Milly is a Senior Data Scientist at Featurespace. She joined in August 2019; during her time at Featurespace her focus has been on fraud detection in card datasets, she has also worked on anti-money laundering, as a data science consultant, and as a mentor to newer data scientists and interns. Milly has contributed to some of Featurespace's biggest projects, helping to fight fraud and financial crime around the world. She loves tackling new challenges, and has been described by colleagues as "the queen of continuous improvement". Her background is in physics and neuroscience, which she studied at MIT and the University of Cambridge, respectively. She transitioned from neuroscience into computational neuroscience and then into machine learning, which brought her to Featurespace. Outside of work, Milly is an enthusiastic beekeeper and loves playing music, gardening, gaming, and most of all spending time with her husband and her dog, Jesse.

Deep neural networks are notoriously expensive to train (and retrain), particularly those with recurrent connections. Recurrent networks have memory, which is to say that they retain information about past transactions. This can dramatically increase the computational demands of retraining, because you have to learn about not just the present but also the past. Perhaps even more importantly, recurrent connections can make retraining a dangerous operation. What if your retraining process alters or erases your memories of the past? One of the most common problems we’re asked to solve at Featurespace is finding fraudulent transactions within a large financial dataset, for example within a set of credit card transactions. Transactional data might include information such as a card number, the amount spent on the card, the date and time of the transaction, and the merchant where the transaction took place.

For a particular card, we might construct a memory of where that card has been: what merchants has it interacted with?

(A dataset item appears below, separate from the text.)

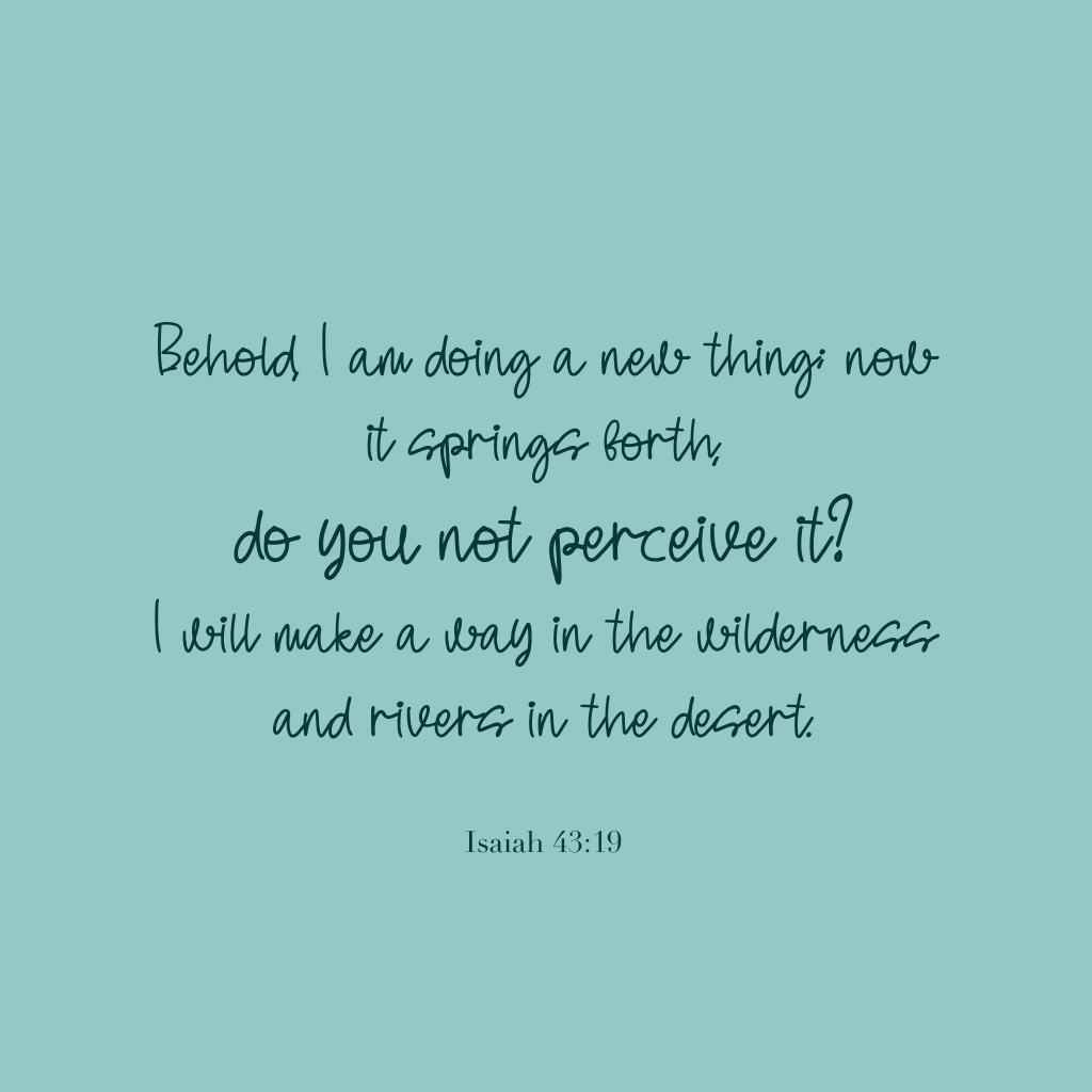 “Behold, I am doing a new thing; now it springs forth, do you not perceive it? I will make a way in the wilderness and rivers in the desert.” Isaiah 43:19

How much does it typically spend? What times of day does it tend to transact? If our memories of this card are degraded, we lose the ability to extract information from its past behaviour. It was essential to tackle this challenge when constructing our Automated Deep Behavioural Networks, which are deep neural networks with recurrent connections. In this article, I will attempt to guide the reader through some foundational context (deep neural networks, recurrent neural networks, and transfer learning) and then move to our approach to retraining deep neural networks in the context of real-time transactional data.

Figure 1. Structure of a typical deep neural network. Note that only a few nodes at the edges are illustrated, with smaller nodes in the centre standing in for an unspecified number of additional nodes. For simplicity, all hidden layers are given the same width, though this is not necessarily the case in practice. The choice of four hidden layers is arbitrary; deep neural networks can have as few as two hidden layers and as many layers as the data and computational power can support. The full connectivity is not captured for reasons of readability, but the reader is asked to kindly imagine the additional connections between nodes.

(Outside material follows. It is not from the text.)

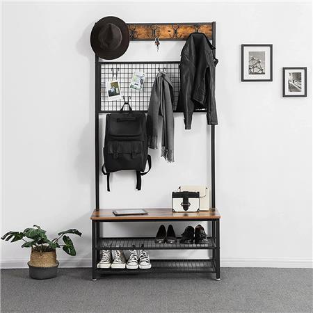 Garderobenständer OMERA, 92x41,5x187 cm, mit Ablagen, industrieller Stil, Metall und Holz, Farbe Rustik

What is a deep neural network?

Deep neural networks are described as “deep” because they contain some number of so-called hidden layers between their input and output layers. Each hidden layer takes features from a preceding layer as input, and outputs new, higher-level features. In the case of finding fraud in transactional data, the input layer consists of features we have built from the transactional data, and the output layer contains a single node (also called a neuron) that generates a score between 0 and 1. Scores near 0 indicate a very low probability of fraud, while those near 1 indicate a very high one. Between those two layers lie a number of hidden layers that extract patterns from the transactional data, building up a picture of how individuals and institutions spend money.

Figure 2. Schematic illustration of a recurrent neural network, following on from Figure 1. Connections between nodes have been omitted, and are instead broadly captured by arrows between whole layers. Recurrent connections (left to right) pass information from the recurrent block at a previous timestep to the recurrent block at the next timestep. This information is collectively referred to as "state". For illustrative purposes, only two previous timesteps are shown. A single neuron is shown in the output layer, as in our use case, though more are certainly possible in a general case.

What is a recurrent neural network?

Before diving into the specifics of our Automated Deep Behavioural Networks, it is useful to have a good understanding of two key terms: “stateful” and “recurrent”? We have said above that a recurrent model has memory, but what does that mean more concretely? I will borrow (with slight modification) an example from my colleague Alec’s article on feature stores, in which he considers the feature averageAmountSpentOnCardOverLastMonth. We would call this feature “stateful” in the sense that we cannot find its value using just the information in the current transaction. Instead, we need to keep some kind of historical record. The memory past transactions that a model retains can be more formally described as “state”.

The deep neural network I have illustrated in Figure 1 cannot capture stateful information. It only takes in the features from the current transaction, and has no knowledge of the transactions that came before. The solution to this problem is the recurrent neural network, which was designed to understand sequential data. Rather than just receiving information from the layer below it, nodes in a recurrent neural network (RNN) also receive stateful information from the network at a previous point in time. In general, recurrent networks will not include recurrent connections in every layer, but instead have a dedicated recurrent layer (or layers) that we describe as a recurrent block. This block takes as input not only information from the current transaction, but previous values in the block.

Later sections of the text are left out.